### Supplied material:
# # # # #

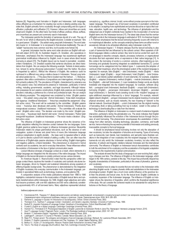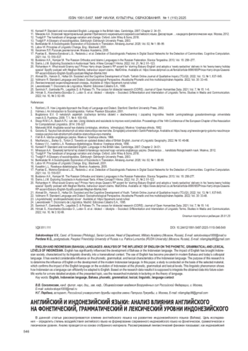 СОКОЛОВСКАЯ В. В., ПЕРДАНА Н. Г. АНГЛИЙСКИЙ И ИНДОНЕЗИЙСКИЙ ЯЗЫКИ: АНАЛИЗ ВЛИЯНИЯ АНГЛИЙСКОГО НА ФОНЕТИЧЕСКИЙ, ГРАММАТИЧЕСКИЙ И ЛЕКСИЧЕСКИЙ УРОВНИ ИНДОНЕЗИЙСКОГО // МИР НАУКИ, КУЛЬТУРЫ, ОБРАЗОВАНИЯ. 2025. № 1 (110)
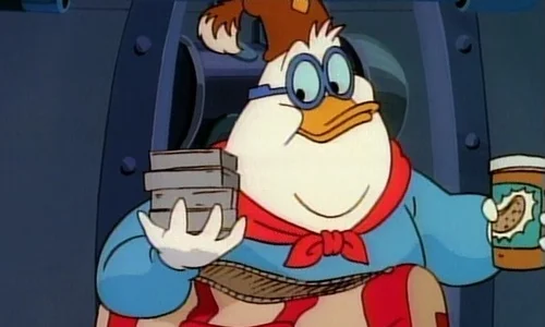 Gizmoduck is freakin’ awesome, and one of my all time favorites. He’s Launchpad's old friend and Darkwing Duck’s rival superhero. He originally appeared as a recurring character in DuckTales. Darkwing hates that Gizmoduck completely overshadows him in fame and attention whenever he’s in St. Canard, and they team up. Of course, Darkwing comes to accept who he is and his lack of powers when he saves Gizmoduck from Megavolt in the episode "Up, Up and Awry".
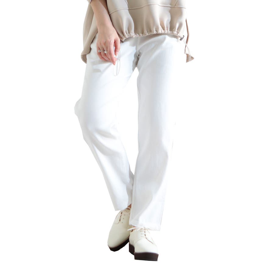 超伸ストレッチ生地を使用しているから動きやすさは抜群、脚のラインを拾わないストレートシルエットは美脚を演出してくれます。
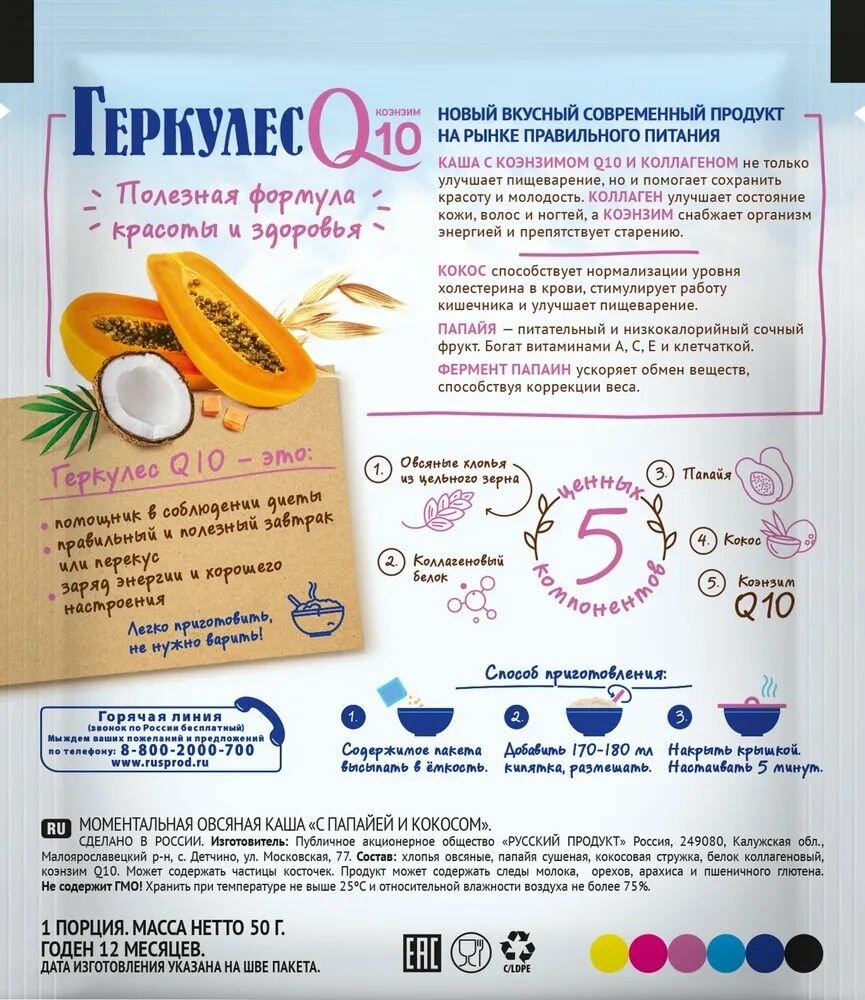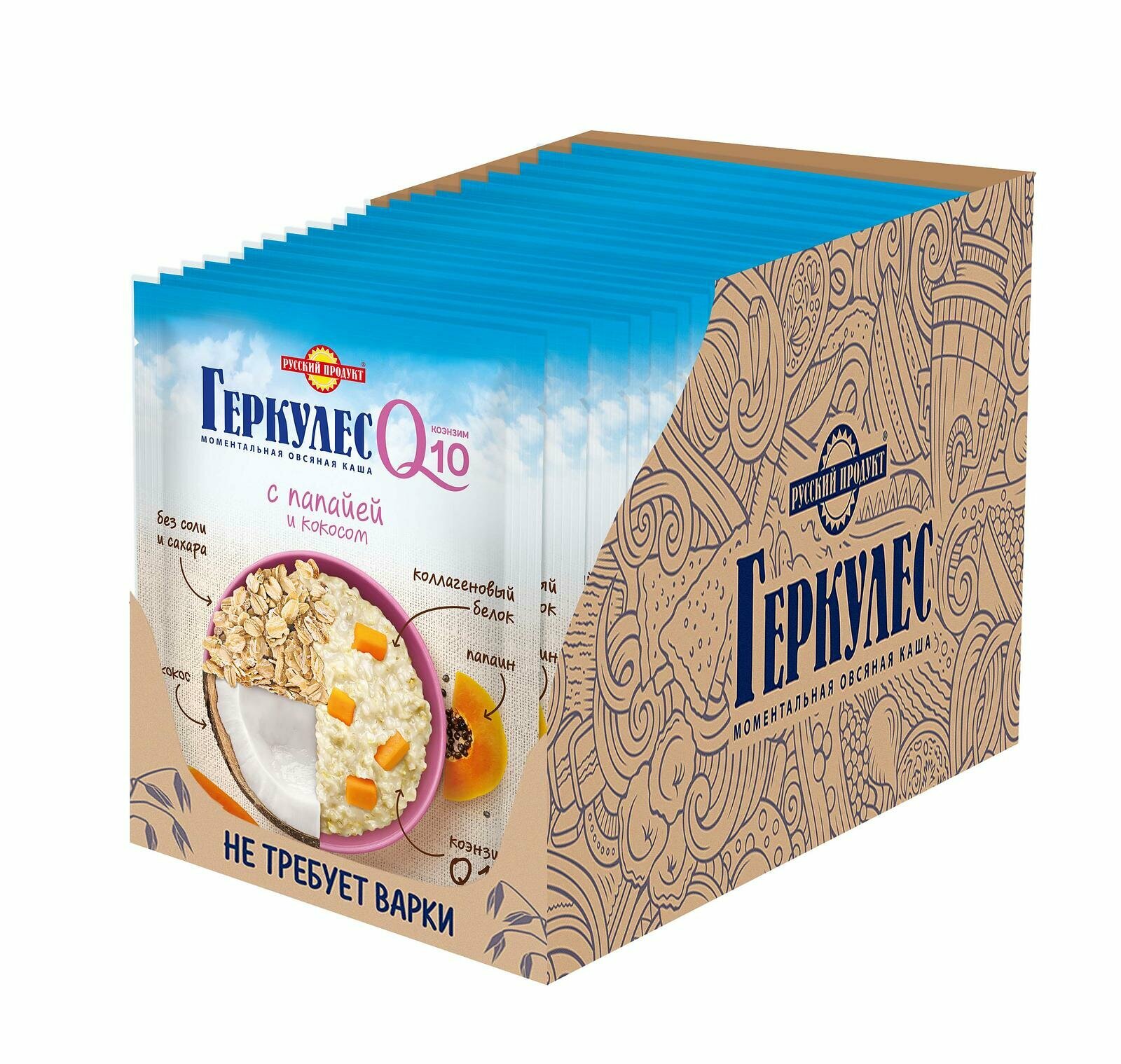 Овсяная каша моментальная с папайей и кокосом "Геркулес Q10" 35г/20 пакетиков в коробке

# # # # #

### Exercise:
Retype the data word for word and keep the pictures out of it.

### Result of the task:
 СОКОЛОВСКАЯ В. В., ПЕРДАНА Н. Г. АНГЛИЙСКИЙ И ИНДОНЕЗИЙСКИЙ ЯЗЫКИ: АНАЛИЗ ВЛИЯНИЯ АНГЛИЙСКОГО НА ФОНЕТИЧЕСКИЙ, ГРАММАТИЧЕСКИЙ И ЛЕКСИЧЕСКИЙ УРОВНИ ИНДОНЕЗИЙСКОГО // МИР НАУКИ, КУЛЬТУРЫ, ОБРАЗОВАНИЯ. 2025. № 1 (110)
 Gizmoduck is freakin’ awesome, and one of my all time favorites. He’s Launchpad's old friend and Darkwing Duck’s rival superhero. He originally appeared as a recurring character in DuckTales. Darkwing hates that Gizmoduck completely overshadows him in fame and attention whenever he’s in St. Canard, and they team up. Of course, Darkwing comes to accept who he is and his lack of powers when he saves Gizmoduck from Megavolt in the episode "Up, Up and Awry".
 超伸ストレッチ生地を使用しているから動きやすさは抜群、脚のラインを拾わないストレートシルエットは美脚を演出してくれます。
 Овсяная каша моментальная с папайей и кокосом "Геркулес Q10" 35г/20 пакетиков в коробке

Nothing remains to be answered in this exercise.